С этими словами герцог повел Гарольд в спальню и даже снял с него мантию. При этом он как будто нечаянно провел своей рукой по руке графа.

– Ого! – воскликнул он. – Да ведь ты обладаешь сильными мускулами! А хватит ли ее натянуть тетиву моего лука?

– Кто же в силах натянуть тетиву Улисса? – спросил в свою очередь Гарольд, пристально глядя в глаза Вильгельму, который изменился в лице от этого тонкого намека на то, что он далеко не Ахилл, как воображал, а занимает в жизни скорее положение Улисса.

ГЛАВА 3

После прибытия Вильгельма и Гарольда в Руан пиршества следовали за пиршествами, турниры – за турнирами, во всем были заметны старания герцога ослепить и очаровать Гарольда. Он действительно смотрел на все с удовольствием, но «ослепить» его было довольно трудно. Нормандские придворные, относившиеся презрительно к саксонцам, не могли нахвалиться его ловкостью в рыцарских состязаниях, красноречием, прекрасными манерами и умом.

Пиры и турниры сменялись поездками по всем интересным городам и местечкам герцогства; разумеется, эти поездки совершались с величайшей пышностью и роскошью. Хронисты уверяют, будто Гарольд и герцог ездили тогда даже в Компьень, к французскому королю Филиппу.

В конце концов, Гарольд вместе с шестью танами из его свиты был посвящен Вильгельмом в воинственное братство рыцарей. После этой церемонии, которая произошла по всем правилам рыцарского устава, Гарольд был приглашен к герцогине и ее дочерям. Одна из них, еще очень маленькая девочка, склонила Гарольда сказать ей комплимент. Матильда оставила свое вышивание и подозвала девочку к себе.

– Мы вовсе не желали бы, чтобы ты так рано привыкала к комплиментам, на которые мужчины чрезвычайно щедры, но я скажу тебе, что этому гостю ты смело можешь верить, если он называет тебя прекрасной. Гордись его любезностью и помни о ней, когда ты со временем будешь выслушивать комплименты от людей менее достойных, чем граф Гарольд... Может быть, Бог изберет тебе в супруги такого же храброго и красивого мужчину, каков этот благородный лорд, Аделаида, – сказала она, кладя руку на черные локоны дочери.

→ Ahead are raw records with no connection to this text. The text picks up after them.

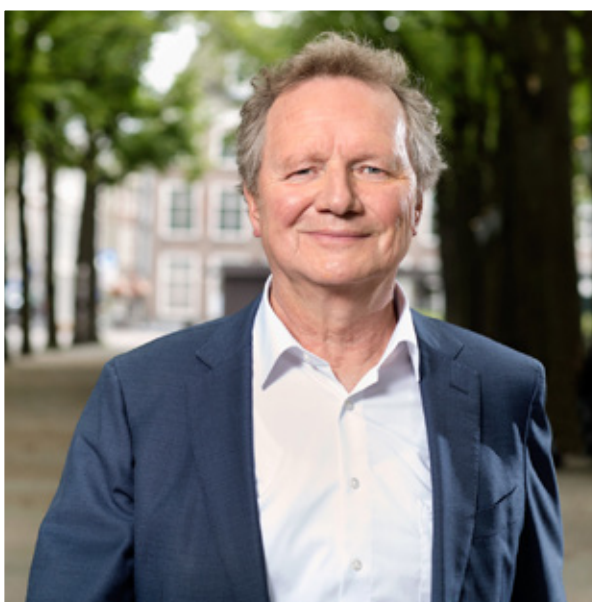
Bram van Ojik (GroenLinks)
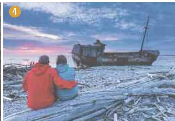
Baie-Sainte-Claire et l'épave du Calou
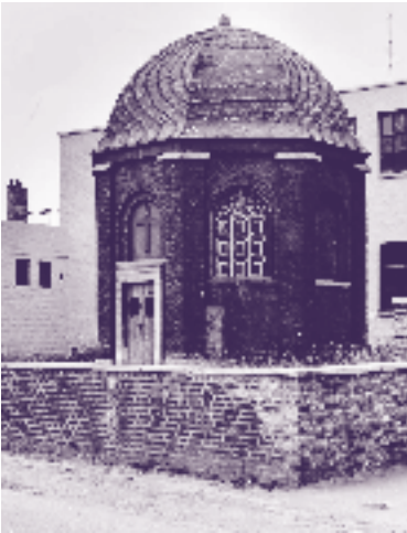
St. Lambertuskapel aan de Lage Kanaaldijk

Dit jaar wordt herdacht dat de heilige Lambertus in het jaar 705 te Luik werd vermoord. Zijn lichaam is daarna in een kapel te St. Pieter begraven. In de dertiende eeuw werd op dezelfde plaats een grotere kerk gebouwd, maar toen waren de stoffelijke resten van St. Lambertus al naar de kathedraal van Luik overgebracht. De huidige Sint Lambertuskapel werd in het jaar 1847 gebouwd ter vervanging van een oudere kapel, die was gesloopt in verband met de aanleg van het kanaal naar Luik.
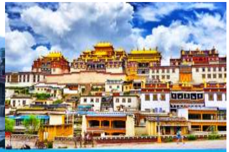
เมืองเซงการีล่า

วันที่สอง เมืองคุนหมิง-นั่งรถไฟความเร็วสูงสู่เมืองต้าหลี่-ช่องแคบเลือกระโจน-จางเตี้ยน-เมืองโบราณเซงการีล่า
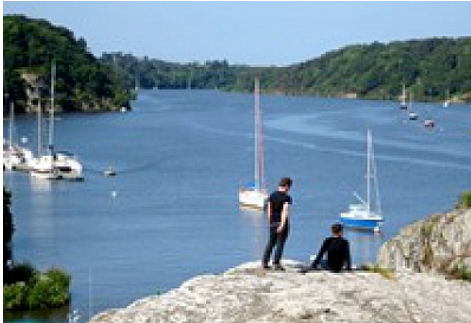
Office de Tourisme | Damgan, La Roche-Bernard, Muzillac
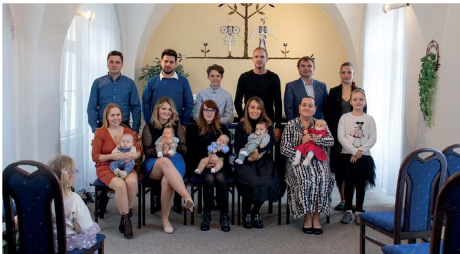
Vítání občánků, 29.9.2024
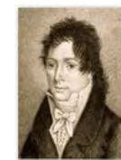
Associazione PIETRO GENERALI

facebook.com/coro.pietrogeneralihotmail.com
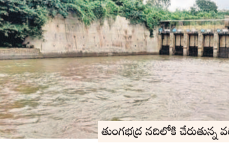
తుంగభద్ర నదిలోకి చేరుతున్న వరద

గద్వాల, జూలై 21 : ఎడతెలిపి లేకుండా కురుస్తున్న వర్షాలతో కర్ణాటకలోని అల్లట్ల, నారాయణపూర్ జిల్లాలోని నుంచి వరద నీరు జూరాల ప్రాజెక్టుకు వచ్చి చేరుతుండడంతో కృష్ణమ్మ పరవళ్లు తొక్కుతున్నది. ప్రాజెక్టు ఆధికారులు జూరాల వద్ద 22 గేట్ల ఎత్తి 84,524 క్యూసెక్కులను దిగువకు ఉన్న శ్రీశైలం రిజర్వాయర్ కు వదులుతున్నారు. దీంతో మొన్నటివరకు బీవీపల్లి వద్ద నీరులేక వెలవెలబోయిన కృష్ణమ్మ నేడు నిండాగా ప్రవహిస్తున్నది. కృష్ణమ్మ పరవళ్లు తిలకించేందుకు ఆదివారం సందర్భకులు జూరాల, బీవీపల్లి వద్దకు భారీగా తరలివచ్చారు. ఆదివారం రాత్రి 9 గంటలకు జూరాలలో 1,29,000 క్యూసెక్కుల ఇన్ఫ్లో నమోదు కాగా, అప్పటివల్ల 1,19,280 క్యూసెక్కులుగా నమోదైంది. జూరాల పూర్తి స్థాయి నీటిమట్టం 318.516 మీటర్లు కాగా ప్రస్తుతం 317.100 మీటర్లుగా ఉన్నది. పూర్తి స్థాయి నీటి నిల్వ 9.657 టీఎంసీలు కాగా.. ప్రస్తుతం 6.914 టీఎంసీలుగా ఉన్నది. ఎగువ, దిగువ జూరాల జలవిద్యుత్ కేంద్రాల్లో విద్యుత్ 11
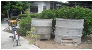
สนับสนุนทอวบ่อในการกำจัดขยะอินทรีย์หรือขยะย่อยสลายง่าย

ขยะอินทรีย์หรือขยะย่อยสลายง่ายสนับสนุนทอวบ่อในการกำจัดขยะอินทรีย์หรือขยะย่อยสลายง่าย เช่น เศษอาหาร เศษผักและผลไม้ ฯลฯ โดยลงพื้นที่ประชุมชี้แจงและให้ความรู้โดยเจ้าหน้าที่วิทยากรหมู่บ้านโดยมีกลุ่มเป้าหมายเป็นผู้ที่สมัครเข้าร่วมโครงการในปีงบประมาณ 2558, 2552 และ 2556 รวมทั้งสิ้น 700 รายซึ่งผู้เข้าร่วมกิจกรรมส่วนใหญ่มีความรู้ความเข้าใจเพิ่มขึ้นและสามารถใช้ทอวบ่อได้อย่างถูกต้องและ จัดตั้งกลุ่มและดำเนินการผลิตปุ๋ยหมักจากเศษวัสดุเหลือใช้จากการเกษตร ด้วยการผลิตปุ๋ยอินทรีย์ชีววิศวกรรมแม่โจ้ 1 ทุกหมู่บ้าน
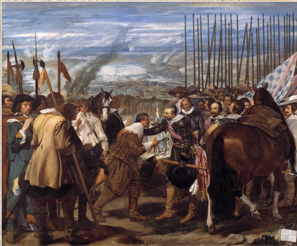
Диего Веласкес «Сдача Бреды»
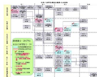
土木技師課程地圖
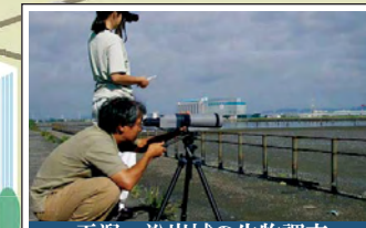
干潟・沿岸域の生物調査 Surveys on inhabitants of tidal flats and coastal areas 海の健康診断など、干潟に生息する底生生物、飛来する鳥類等の調査が継続的に実施されています。 Surveys on inhabitants such as benthic life and migratory birds are continually being performed. One example of this is the "Umi no Kenkoushundan," a survey and evaluation of marine ecosystem health.

Various sectors, such as national and local governments, citizen groups and nongovernmental organizations, private companies, and research organizations have been working for biodiversity in forests, satoyama, rivers and the sea in Ise Mikawa Bay Watershed. We aim to build a human network by interacting with those sectors and to conserve biodiversity as a whole in the region through restoration of sustainable natural cycles.
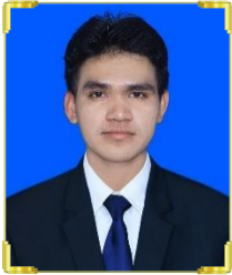
យ៉ា ជិនជិត ID: B22/101
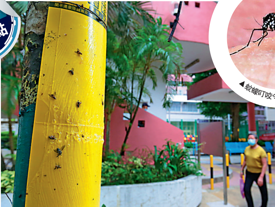
▲翠屏邨公園的捕蚊黏紙上布滿蚊屍。

Девочка покраснела до ушей, но ответила со своеволием баловня, если только она не была подготовлена к подобному ответу:

– Я не хочу другого супруга, кроме этого графа Гарольда, милая мама; если он не захочет жениться на Аделаиде, то она уйдет в монастырь.

– Неразумная девочка, разве ты можешь навязываться женихам, – произнесла Матильда с веселой улыбкой, – а что ты ответишь ей на это предложение, Гарольд?

– Что она через несколько лет убедится в своей ошибке, – сказал Гарольд, целуя лоб Аделаиды. – Ты, прелестная крошечка, еще не вырастешь, когда я буду уже седым стариком... И вздумал я тогда предложить тебе руку, то ты ответишь мне презрительной улыбкой.

– О, нет! – возразила Матильда серьезно. – Выскородные невесты ищут не молодости, а славы, а ведь слава не стареет!

Это замечание поразило Гарольда, подчеркнув, что он может попасть в ловушку, если не поостережется, и он поспешил ответить полушутливым тоном:

– Очень рад, что ношу при себе талисман, который делает мое сердце более или менее нечувствительным ко всем прелестям, не исключая даже очарования вашего прекрасного двора.

Матильда задумалась, в эту минуту внезапно вошел Вильгельм, и от внимания Гарольда не ускользнуло, что он обменялся с женой каким-то странным взглядом.

– Мы не ревнивые люди! – сказал шутливо Вильгельм, увлекая за собою графа. – Но мы все-таки не привыкли оставлять своих жен наедине с такими прекрасными англичанами... Пойдем ко мне, Гарольд: мне надо переговорить с тобой о разных делах.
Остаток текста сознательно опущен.